After his client refused to do anything but plea the fifth during Congressional testimony on Thursday, Ben Brafman — the lawyer representing former Turing Pharmaceuticals CEO Martin Shkreli — took to CNBC to defend his client.
“I think they invited him just to embarrass him,” he said, comparing his position to that of Robert Duvall’s character in Godfather 2.
(In case you haven’t see the movie, Duvall defended the Godfather when the government had him in the hotseat for mafia-related charges.)
“It’s my business to give my client advice,” Brafman told CNBC’s Kelly Evans. “They [Congressmen] did not want to hear from me because they did not want to hear what I had to say.”
Brafman, who is Shkreli’s personal counsel, said that the hearing was “a show” meant to publicly embarrass Shkreli when he could have just sent in a written statement.
Brafman is no joke. He has defended Puff Daddy, Dominique Strauss-Kahn and other high-profile clients.
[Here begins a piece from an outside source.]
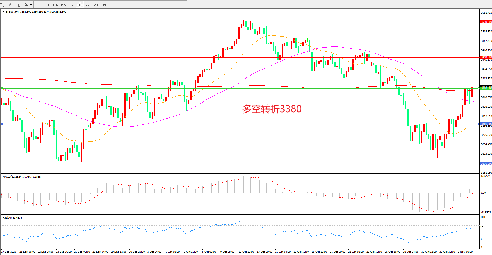 多空转折点:3380.00

He now finds himself defending Martin Shkreli, a 30-something former CEO who came into the public consciousness after he bought a life-saving AIDS drug called Daraprim and jacked the price up 5,000%. He was then arrested for unrelated charges in New York State.
After Shkreli was escorted out of his Congressional hearing, Brafman told reporters outside the Capitol that eventually people would come to realise that Shkreli is “not a villain, but a hero.”
“The Martin Shkreli that I know is a genius,” he said on CNBC. He also said if he had known Shkreli a year ago he would have advised him to raise the price of Daraprim gradually, not all at once.
After leaving the hearing, Shkreli tweeted insults at Congress. Brafman chalked that up to “youthful inexperience.”
“He’s not a bad kid,” Brafman said, adding “I think he’s done nothing wrong. I think he needs guidance and good counsel.”
Sidenote: He calls Shkreli, “Marty,” and says Shkreli has amazing ideas the world has yet to know about.
“He raised the price on it [Daraprim] to spend the money on further research and development for other drugs,” Brafman said.
“The problem with the securities industry is that it’s the single most regulated industry in the world,” he continued. “Unless you surround yourself with people who know what they’re doing, you can really get in trouble, and that’s what happened here.”
CNBC’s Kelly Evans asked if we would continue seeing so much Shkreli on social media.
“I hope not,” Brafman said, adding that it’s hard for Shkreli to unplug because he has so many fans and supporters online.
A few minutes later, Shkreli tweeted that he would be video chatting.